К числу таких-то примечательных и важных в литературном развитии отрицательных деятелей принадлежит и Марлинский. Его разница с ними и его превосходство над ними, конечно, много состоит и в степени дарования, по которому его невозможно и сравнивать с ними, но много заключается и в чисто внешних причинах. Те были русские классики, отличавшиеся от своих образцов – французских классиков – школьною тяжеловатостию в выражении, искусственным, а потому неправильным и дурным языком: Марлинский явился на поприще литературы тем самым, что называлось тогда, романтиком. Как Сумароков, Херасков, Петров, Богданович и Княжнин хлопотали из всех сил, чтобы отдалиться от действительности и естественности в изобретении и слоге, – так Марлинский всеми силами старался приблизиться к тому и другому. Те избирали для своих снотворных песнопений только героев, исторических и мифологических: этот – людей; те почитали для себя за унижение говорить живым языком и поставляли себе за честь выражаться языком школьным: этот силился подслушать живую общественную речь и, во имя ее, раздвинуть пределы литературного языка. Посему очень понятно, что тех теперь никто не станет читать, кроме серьезно изучающих отечественную литературу, а Марлинский еще долго будет иметь читателей и почитателей.
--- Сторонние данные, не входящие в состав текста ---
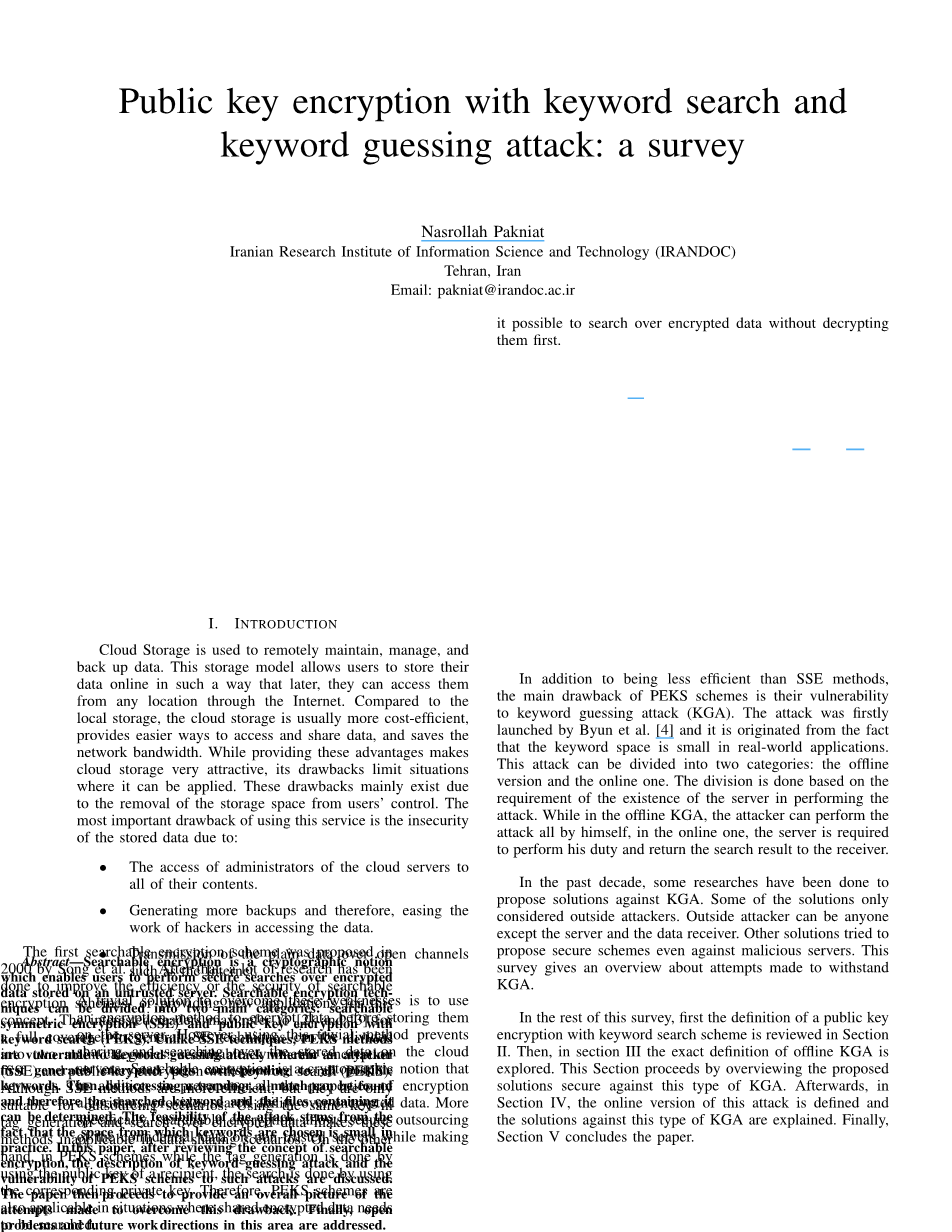 在本文中,首先在第二部分,回顾了使用关键词搜索进行公钥加密的定义。然后在第三部分中,探讨了离线KGA的确切定义。此部分概述了针对这种类型的KGA的安全解决方案。之后在第四部分中,定义了这种攻击的在线版本,并提出解释了针对这种类型的KGA的解决方案。最后第五部分总结全文。
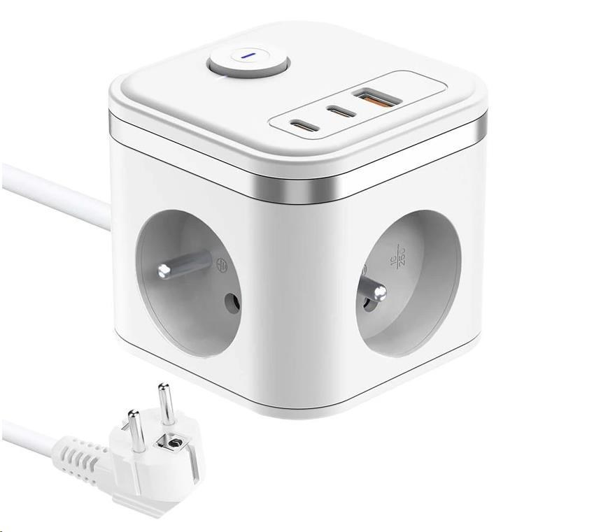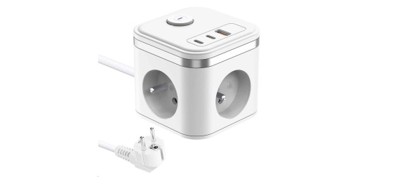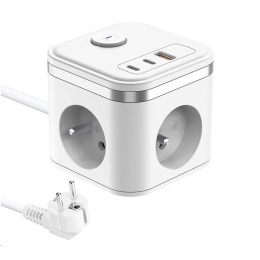 Síťový adaptér VIKING YC33 je praktickou kombinací tří zásuvek a tří USB portů v jednom, který šetří místo a umožňuje napájení až šesti zařízení současně.
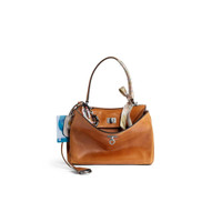 Rodeo Handbag Small in tan cowboy in vegetable tanned lambskin with charms, aged-silver hardware PRODUCT DETAILS • Vegetable tanned lambskin with charms • Handbag • One handle • Removable shoulder strap • Removable cloche cles with two split rings • Aged-silver hardware • Turn lock closure • Wide front pocket • 1 main compartment • 1 inner zipped pocket • 2 flat pockets at back • Side snaps • 4 brass feet • Nappa lambskin lining • Made in Italy Material: lambskin, brass, zamak
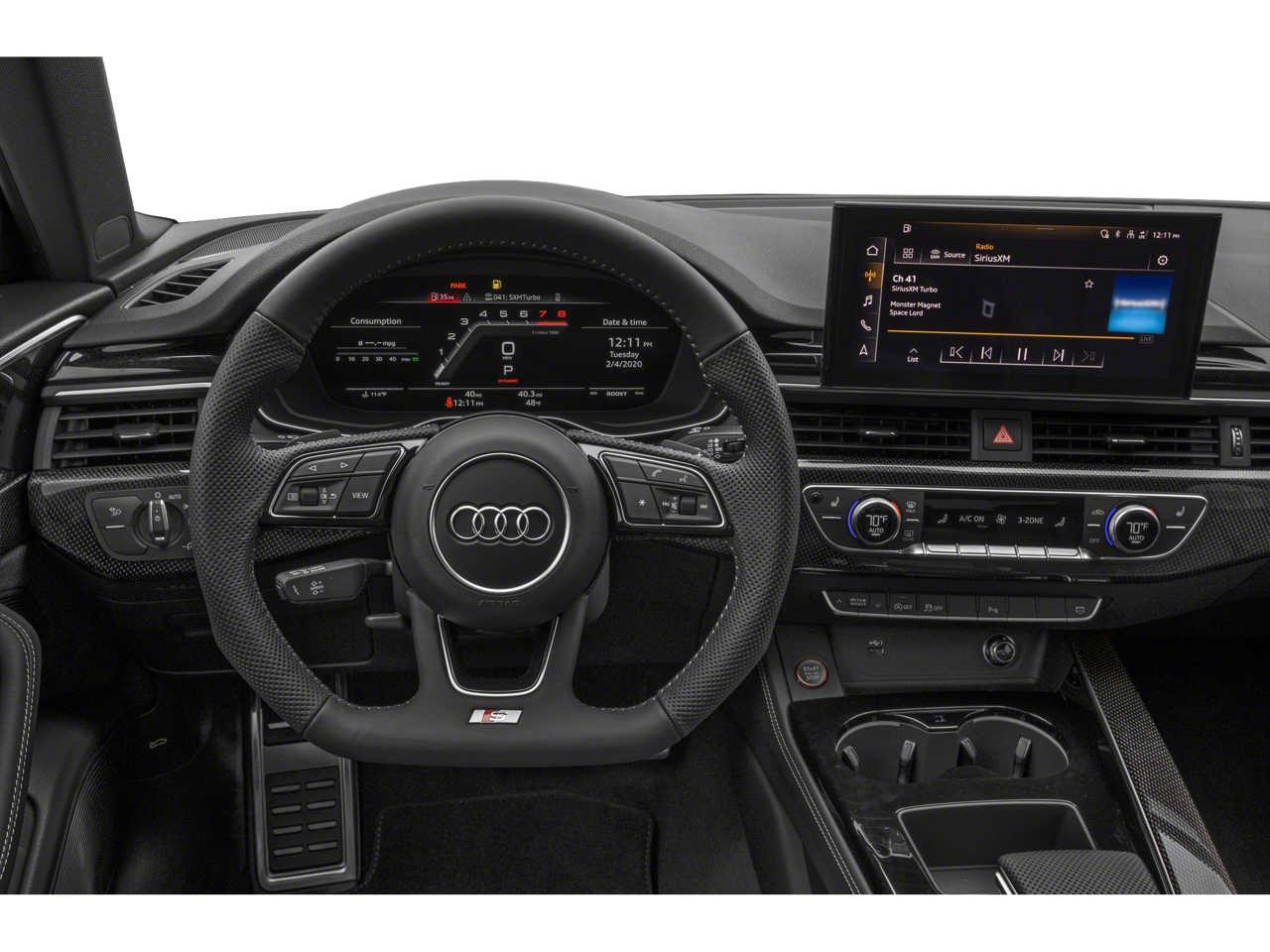 2 Rear USB Charging Ports, ABS brakes, Adaptive Cruise Control, Alarm System w/Motion Sensors, Alloy wheels, Audi Active Lane Assist, Audi Advanced Key, Audi Connect PLUS, Audi Phone Box, Audi Side Assist w/Pre Sense Rear, Audi Sport Interior Package, Audi Virtual Cockpit Plus, Auto-Dimming Exterior Mirrors w/Memory, Bang & Olufsen Sound System w/3D Sound, Black Audi Rings & Badges, Black Exterior Mirror Housings & Exhaust Tips, Black Exterior Trim, Black Optic Plus Package, Black Side Sill Blades, Compass, Convenience Package, Driver's Seat Memory, Electronic Stability Control, Front dual zone A/C, Hands-On Detection Steering Wheel, Heated door mirrors, Heated front seats, Heated Steering Wheel, Illuminated entry, Leatherette Covered Center Console & Door Armrests, Low tire pressure warning, MMI Navigation Plus, Navigation Package, Parking System Plus (Front/Rear Acoustic Sensors), Power Folding Exterior Mirrors, Power moonroof, Premium Plus Package, Remote keyless entry, SiriusXM w/360L, Top View Camera System, Traction control, Traffic Jam Assist, Wheels: 19 5-V-Spoke-Star Design.

Появление Марлинского на поприще литературы было ознаменовано блестящим успехом. В нем думали видеть Пушкина прозы. Его повесть сделалась самою надежною приманкою для подписчиков на журналы и для покупателей альманахов, и только один журнал, как бы осужденный злосчастною судьбою на падение, не мог воскреснуть от помещенного в нем «Фрегата Надежды»… Но когда появились в «Телеграфе» его «Искуситель» и «Аммалат-Бек», – слава его дошла до своего nec plus ultra[2]2
крайнего предела (лат.). – Ред.
[Закрыть]. Общий голос решил, что он великий поэт, гений первого разряда, и что нет ему соперников в русской литературе. Журналисты громкими фразами подкрепляли мнение толпы; но никому из них не приходило в голову поговорить о Марлинском в отдельной статье, хотя они в длинных статьях рассуждали вкось и вкривь о многих писателях, и не столь, по их мнению, великих и важных. Такая огромная слава на кредит, такой громадный авторитет на честное слово не могли стоять твердо и незыблемо. Часть публики явно отложилась от предмета общего удивления. В некоторых журналах стали промелькивать фразы, то робкие, то резкие, то косвенные, то прямые, в которых выражалось то сомнение в гениальности Марлинского, то положительное отрицание в нем всякого таланта. Наконец дело дошло до того, что те же самые, которые первые провозгласили его гением первой величины, начали, в неизбежных случаях, отзываться о нем уже не столько громко, даже нерешительно и как можно короче, как будто мимоходом. Но и те, которые поневоле должны видеть в Марлинском высшую творческую силу вследствие обширности и глубокости своего эстетического чутья, за отсутствием чувства, – даже и они начинают упрекать его в излишней игривости и пенистой шипучести языка, которые породили неудачных подражателей, искажающих русский язык. Впрочем, сии последние, несмотря на то, не перестают повторять, в похвалу отставного гения, свои и чужие громкие фразы, тем более что он уже не может мешать им в сбыте их товара, но еще может служить им орудием для унижения истинных талантов, забавно пишущих и верно списывающих с натуры. Между тем подражатели Марлинского доходят до последней крайности, изображая диким и надутым языком разные сильные ощущения, и тем самым уясняют вопрос совсем не в пользу своего образца.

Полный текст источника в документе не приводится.